WHAT YOU SHOULD DO:
Repeat the listing exactly as given, omitting every image.

*** AVAILABLE DATA

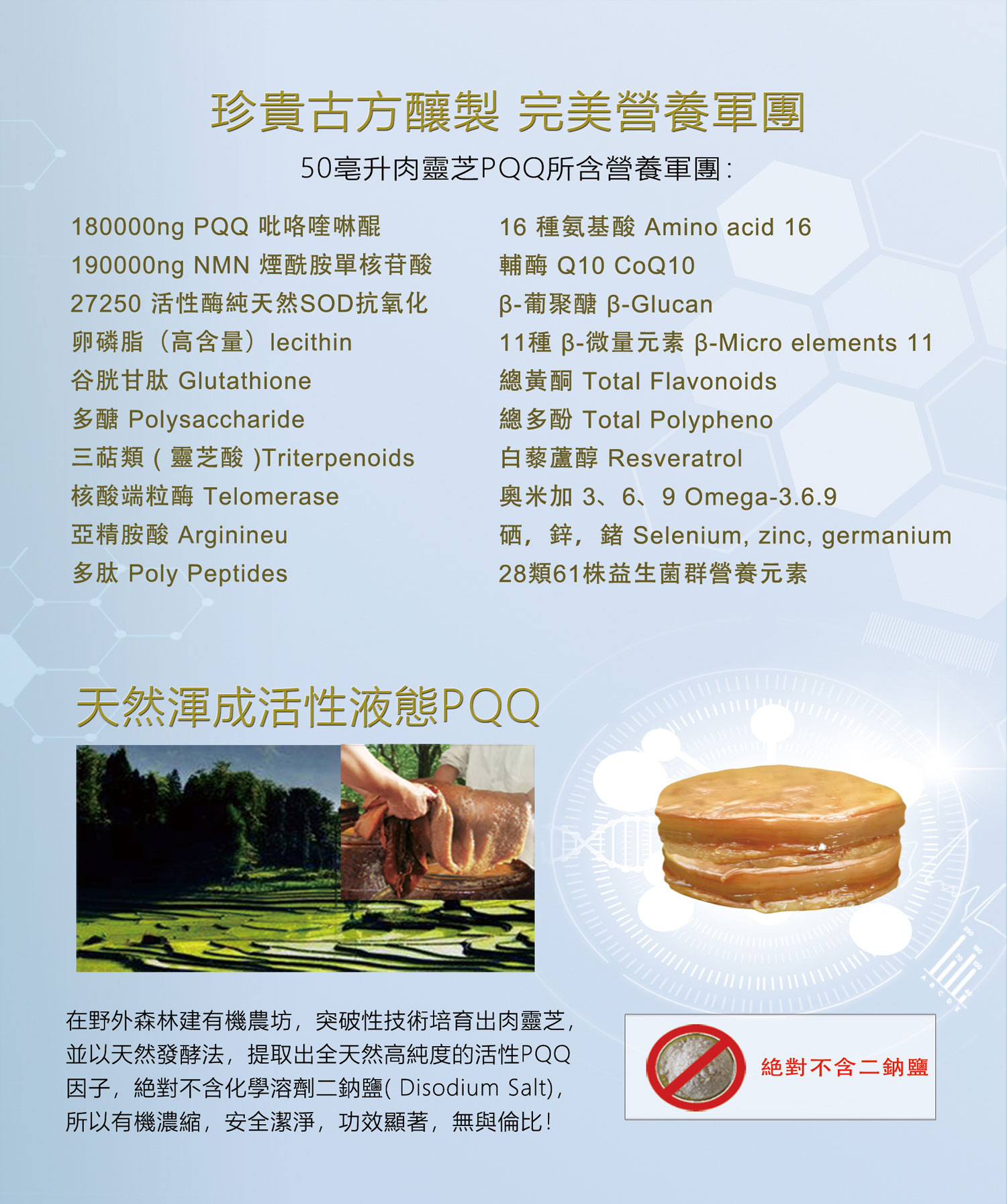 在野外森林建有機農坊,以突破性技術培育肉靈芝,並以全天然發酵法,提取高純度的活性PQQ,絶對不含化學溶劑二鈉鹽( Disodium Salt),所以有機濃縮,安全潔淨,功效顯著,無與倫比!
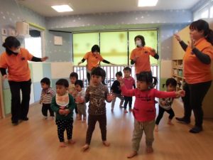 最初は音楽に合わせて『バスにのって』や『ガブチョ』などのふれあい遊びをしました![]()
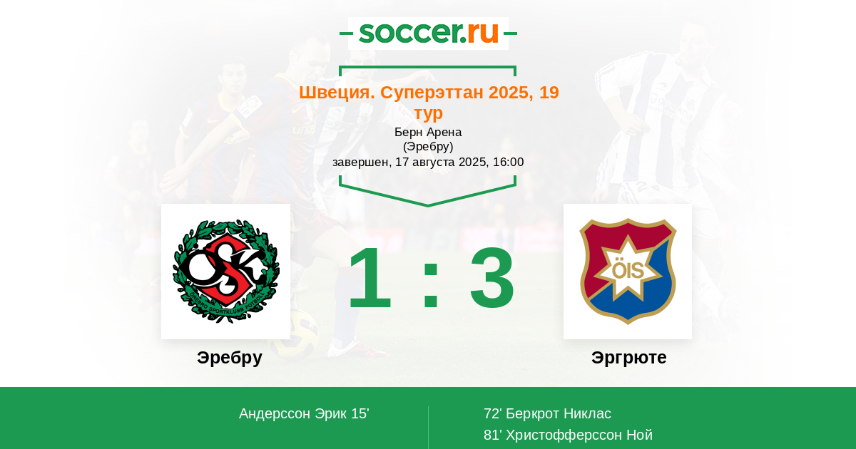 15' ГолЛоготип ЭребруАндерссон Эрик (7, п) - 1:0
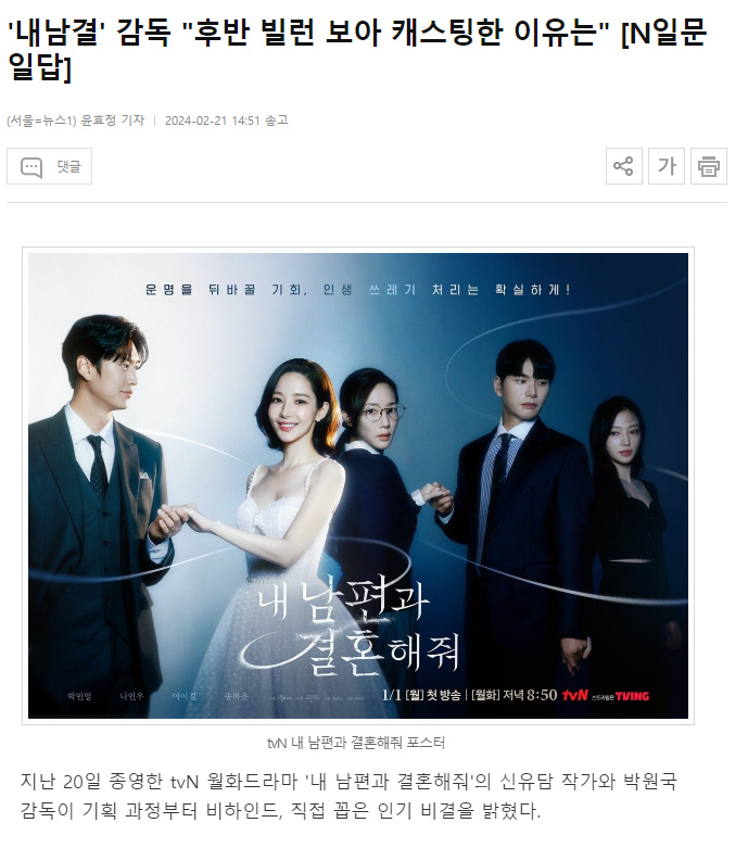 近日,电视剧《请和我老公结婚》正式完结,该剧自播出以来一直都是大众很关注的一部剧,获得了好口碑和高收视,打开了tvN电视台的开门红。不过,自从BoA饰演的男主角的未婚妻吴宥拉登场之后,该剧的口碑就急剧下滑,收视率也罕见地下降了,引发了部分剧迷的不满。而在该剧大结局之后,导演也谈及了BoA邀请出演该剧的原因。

******

WRITTEN RESPONSE:
 在野外森林建有機農坊,以突破性技術培育肉靈芝,並以全天然發酵法,提取高純度的活性PQQ,絶對不含化學溶劑二鈉鹽( Disodium Salt),所以有機濃縮,安全潔淨,功效顯著,無與倫比!
 最初は音楽に合わせて『バスにのって』や『ガブチョ』などのふれあい遊びをしました![]()
 15' ГолЛоготип ЭребруАндерссон Эрик (7, п) - 1:0
 近日,电视剧《请和我老公结婚》正式完结,该剧自播出以来一直都是大众很关注的一部剧,获得了好口碑和高收视,打开了tvN电视台的开门红。不过,自从BoA饰演的男主角的未婚妻吴宥拉登场之后,该剧的口碑就急剧下滑,收视率也罕见地下降了,引发了部分剧迷的不满。而在该剧大结局之后,导演也谈及了BoA邀请出演该剧的原因。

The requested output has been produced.